*Your assignment*
From the entries below, write out exactly the lines between the line holding "截至此次公告披露日,朱一明直" and the line holding "ฝ้าสีขาว มีความละเอียดสวยงาม บ่งชี้ว่ากระบวนการหมักยังทำงานได้ดี", inclusive, excluding any pictures.

Available data section start

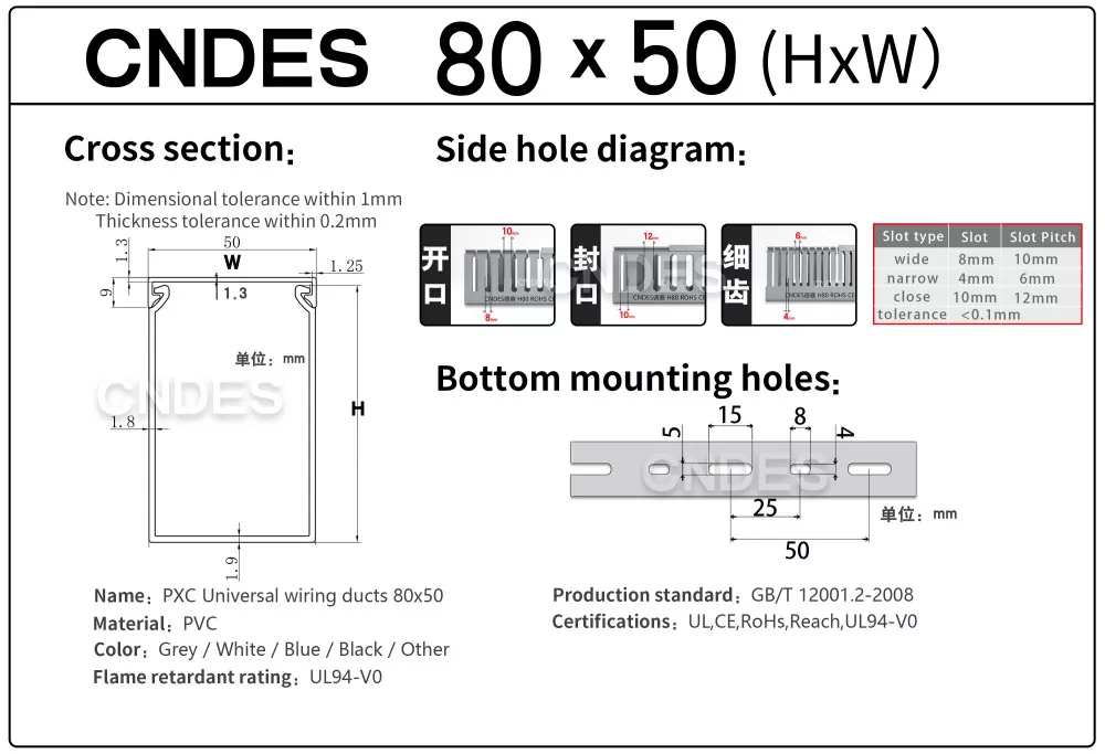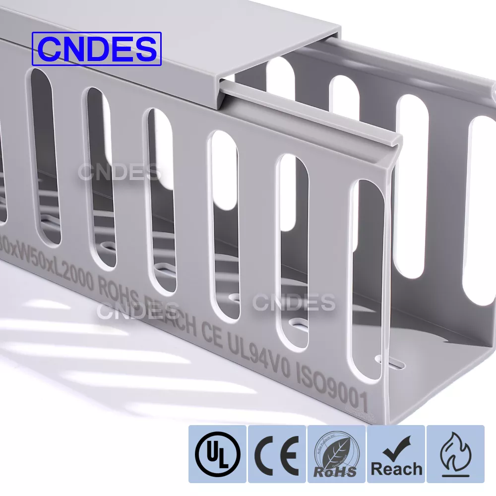 CNDES - Қытайда орналасқан ПВХ саңылаулары бар кабельдік науалардың кәсіби өндірушісі. Мұнда біз 80*50 мм биіктігі 80 мм және ені 50 мм кабельдік науаны білдіретін 80 × 50 саңылаулары бар ПВХ панельді кабель организаторын таныстырамыз.
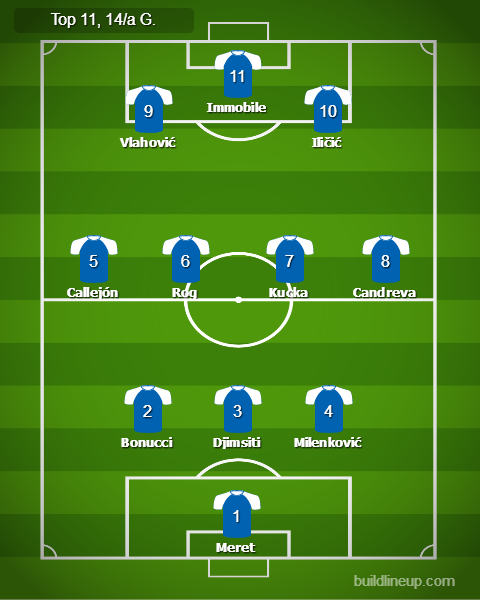 TOP 11 (3-4-3) – Meret (Napoli); Milenković (Fiorentina), Djimsiti (Atalanta), Bonucci (Juventus); Candreva (Inter), Kucka (Parma), Rog (Cagliari), Callejón (Napoli); Iličić (Atalanta), Immobile (Lazio), Vlahović (Fiorentina).
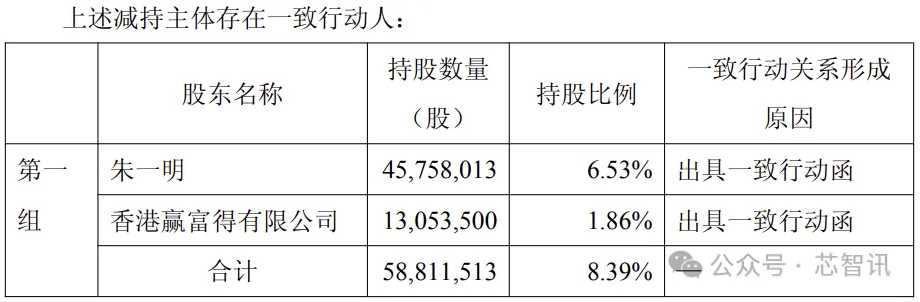 截至此次公告披露日,朱一明直接持有兆易创新股份4575.8万股,约占公司总股本的6.53%;其一致行动人香港赢富得有限公司持有公司股份1305.35万股,约占公司总股本的1.86%。两者合计持股5881.15万股,合计持股比例为8.39%。
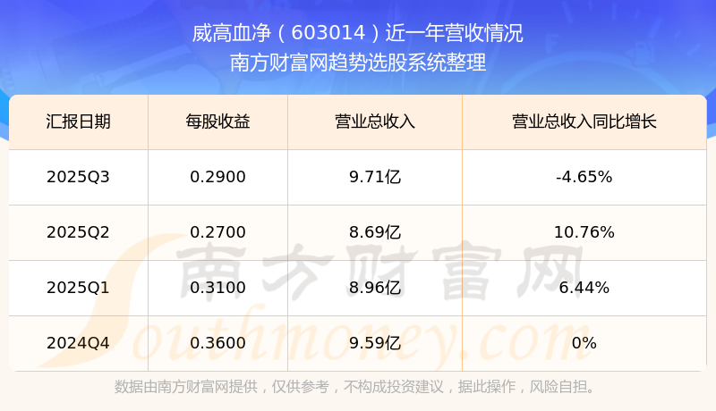 威高血净股票近一年营收情况如下表:
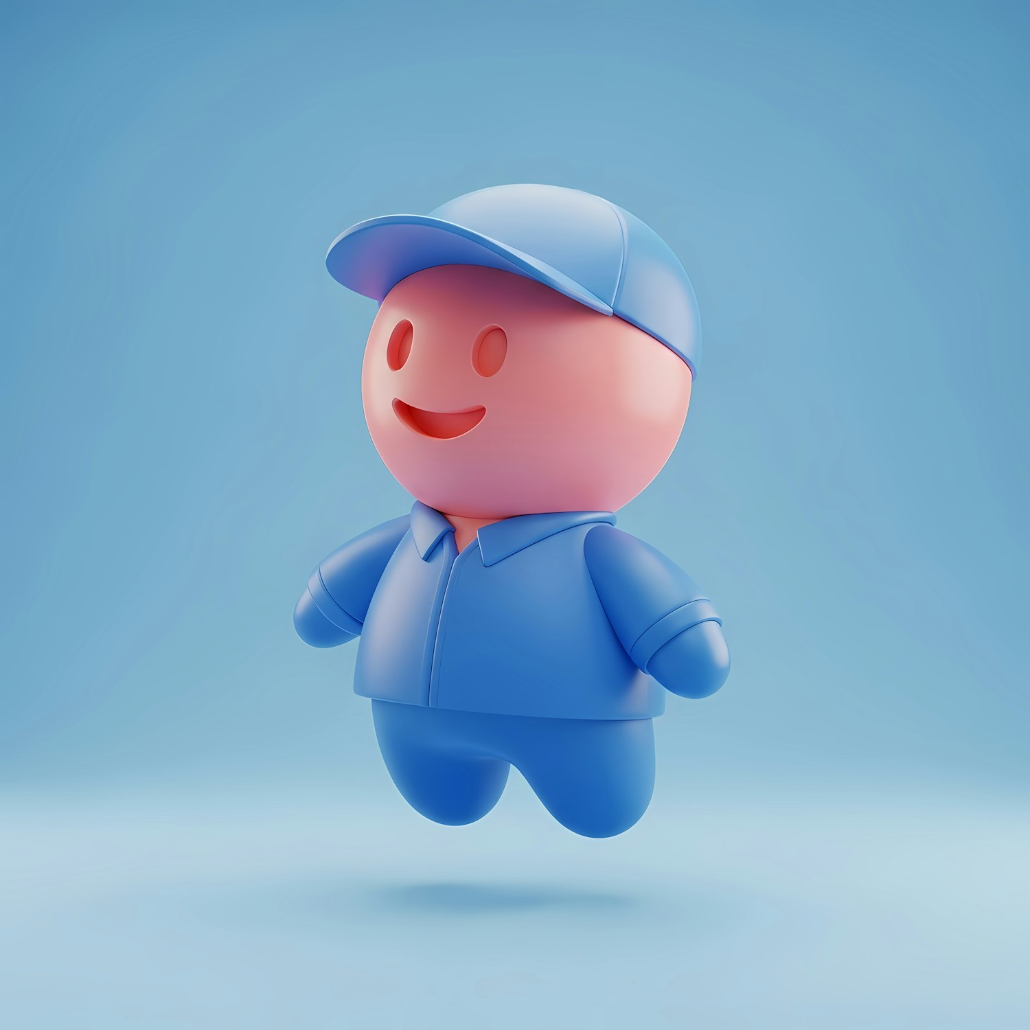 Adorable 3D cartoon character in blue outfit and cap, smiling cheerfully against a light blue background. Perfect for fun designs.
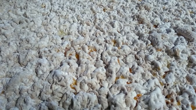 ฝ้าสีขาว มีความละเอียดสวยงาม บ่งชี้ว่ากระบวนการหมักยังทำงานได้ดี และจุลินทรีย์ยังมีชีวิตอยู่
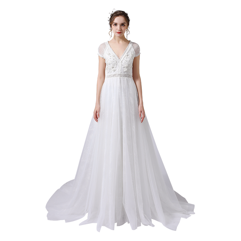Founder Van Sanna Original design New products Real pictures Bubbles Short Sleeves Lace Light Wedding Dress Gown Dress Out of the house Shooting Lawn
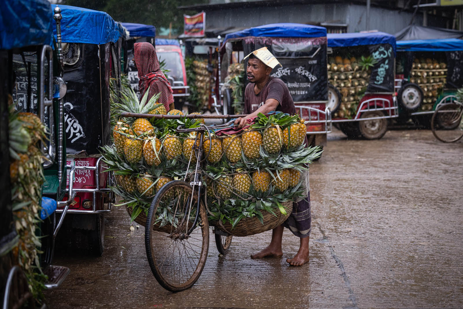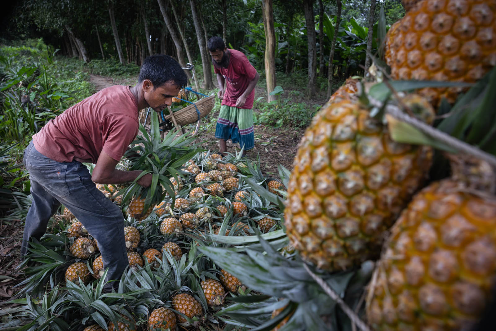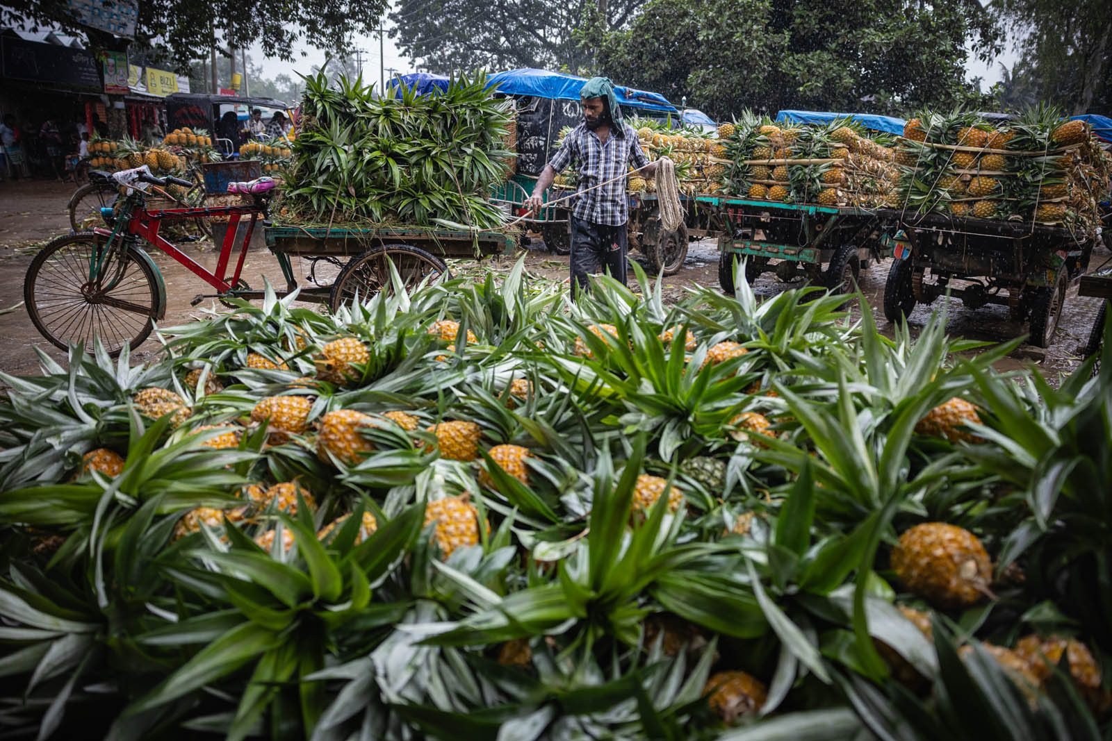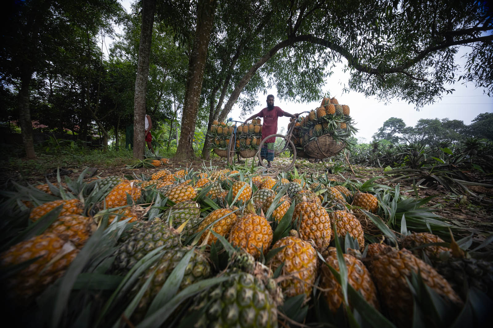 يحمل مزارعون بنغلاديشيون ثمار الأناناس على دراجاتهم الهوائية لبيعها في سوق بمدينة مادوبور في تانجيل، بنغلاديش. ووفقًا لمسؤولي الزراعة في مادوبور، تُزرع الأناناس على مساحة 8000 هكتار، حيث يُنتج 300 ألف طن منها هذا العام، ما يجعلها أكبر منطقة زراعية في البلاد. وتُعرف منطقة مادوبور بعاصمة الأناناس. بدأ زراعة الأناناس في بنغلاديش عام 1942. وكانت جماعة غارو العرقية في قرية إيديلبور، التابعة لبلدة مادوبور، أول من زرع الأناناس، حيث جلبوا 750 شتلة من ميغالايا لبدء الزراعة. وبفضل تطوير هذه الزراعة، تُزرع الأناناس الآن في مناطق مختلفة من البلاد.

Available data section end

*Final answer*
 截至此次公告披露日,朱一明直接持有兆易创新股份4575.8万股,约占公司总股本的6.53%;其一致行动人香港赢富得有限公司持有公司股份1305.35万股,约占公司总股本的1.86%。两者合计持股5881.15万股,合计持股比例为8.39%。
 威高血净股票近一年营收情况如下表:
 Adorable 3D cartoon character in blue outfit and cap, smiling cheerfully against a light blue background. Perfect for fun designs.
 ฝ้าสีขาว มีความละเอียดสวยงาม บ่งชี้ว่ากระบวนการหมักยังทำงานได้ดี และจุลินทรีย์ยังมีชีวิตอยู่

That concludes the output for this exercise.